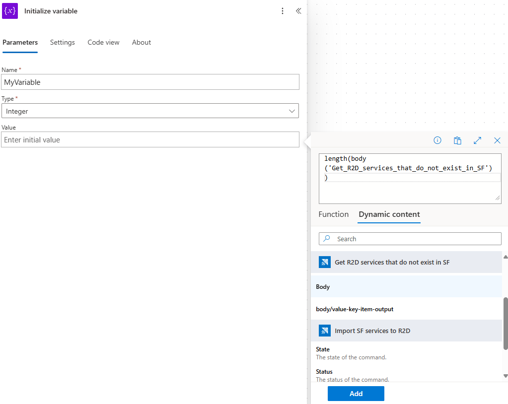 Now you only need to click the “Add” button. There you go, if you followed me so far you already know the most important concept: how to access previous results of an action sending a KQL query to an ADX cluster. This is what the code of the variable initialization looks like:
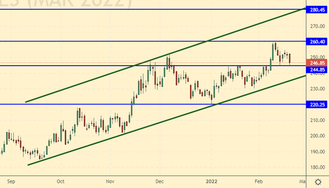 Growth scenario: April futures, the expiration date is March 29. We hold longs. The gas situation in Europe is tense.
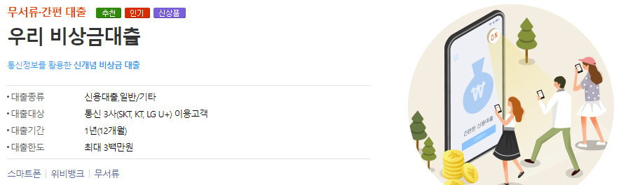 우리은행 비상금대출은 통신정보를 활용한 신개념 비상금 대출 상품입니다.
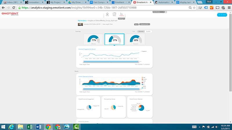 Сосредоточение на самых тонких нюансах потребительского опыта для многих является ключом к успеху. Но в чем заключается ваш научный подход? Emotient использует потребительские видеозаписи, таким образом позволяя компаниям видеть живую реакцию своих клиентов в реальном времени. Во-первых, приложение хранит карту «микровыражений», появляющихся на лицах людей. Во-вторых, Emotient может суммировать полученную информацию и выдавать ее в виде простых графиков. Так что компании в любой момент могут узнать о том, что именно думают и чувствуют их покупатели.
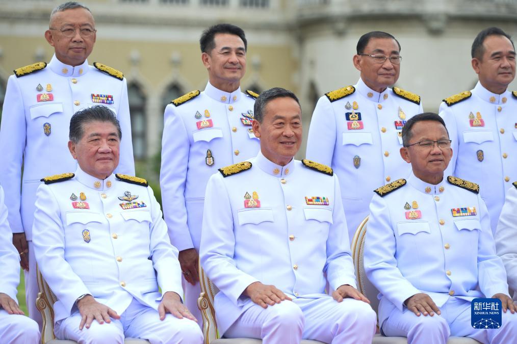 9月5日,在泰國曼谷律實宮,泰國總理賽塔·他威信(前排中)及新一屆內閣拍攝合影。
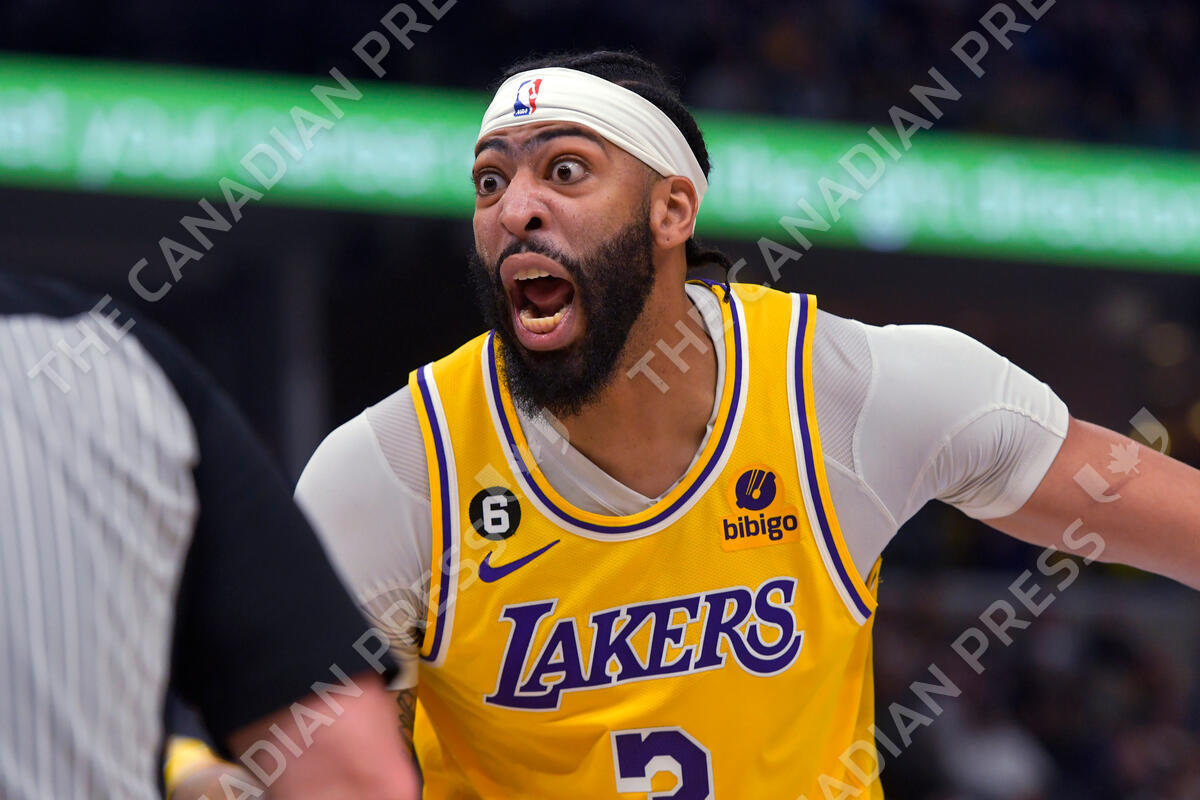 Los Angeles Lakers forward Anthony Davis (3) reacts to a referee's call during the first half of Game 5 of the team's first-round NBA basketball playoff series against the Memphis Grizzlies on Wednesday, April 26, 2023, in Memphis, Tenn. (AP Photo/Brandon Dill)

==

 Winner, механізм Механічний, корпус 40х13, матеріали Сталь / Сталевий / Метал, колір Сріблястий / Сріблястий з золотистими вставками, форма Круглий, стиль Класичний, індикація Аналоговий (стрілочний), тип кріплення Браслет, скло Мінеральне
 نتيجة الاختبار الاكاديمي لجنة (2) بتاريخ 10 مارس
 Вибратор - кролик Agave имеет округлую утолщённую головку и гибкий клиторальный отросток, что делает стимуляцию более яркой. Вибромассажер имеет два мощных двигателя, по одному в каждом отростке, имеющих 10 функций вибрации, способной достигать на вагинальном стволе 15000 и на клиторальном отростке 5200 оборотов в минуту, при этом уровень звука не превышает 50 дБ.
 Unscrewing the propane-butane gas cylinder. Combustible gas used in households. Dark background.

**Task requirements**:
From the material above, output only the span of lines that starts at the one containing "Now you only" and finishes at the one containing "Los Angeles Lakers", word for word and free of pictures.

**Task result**:
 Now you only need to click the “Add” button. There you go, if you followed me so far you already know the most important concept: how to access previous results of an action sending a KQL query to an ADX cluster. This is what the code of the variable initialization looks like:
 Growth scenario: April futures, the expiration date is March 29. We hold longs. The gas situation in Europe is tense.
 우리은행 비상금대출은 통신정보를 활용한 신개념 비상금 대출 상품입니다.
 Сосредоточение на самых тонких нюансах потребительского опыта для многих является ключом к успеху. Но в чем заключается ваш научный подход? Emotient использует потребительские видеозаписи, таким образом позволяя компаниям видеть живую реакцию своих клиентов в реальном времени. Во-первых, приложение хранит карту «микровыражений», появляющихся на лицах людей. Во-вторых, Emotient может суммировать полученную информацию и выдавать ее в виде простых графиков. Так что компании в любой момент могут узнать о том, что именно думают и чувствуют их покупатели.
 9月5日,在泰國曼谷律實宮,泰國總理賽塔·他威信(前排中)及新一屆內閣拍攝合影。
 Los Angeles Lakers forward Anthony Davis (3) reacts to a referee's call during the first half of Game 5 of the team's first-round NBA basketball playoff series against the Memphis Grizzlies on Wednesday, April 26, 2023, in Memphis, Tenn. (AP Photo/Brandon Dill)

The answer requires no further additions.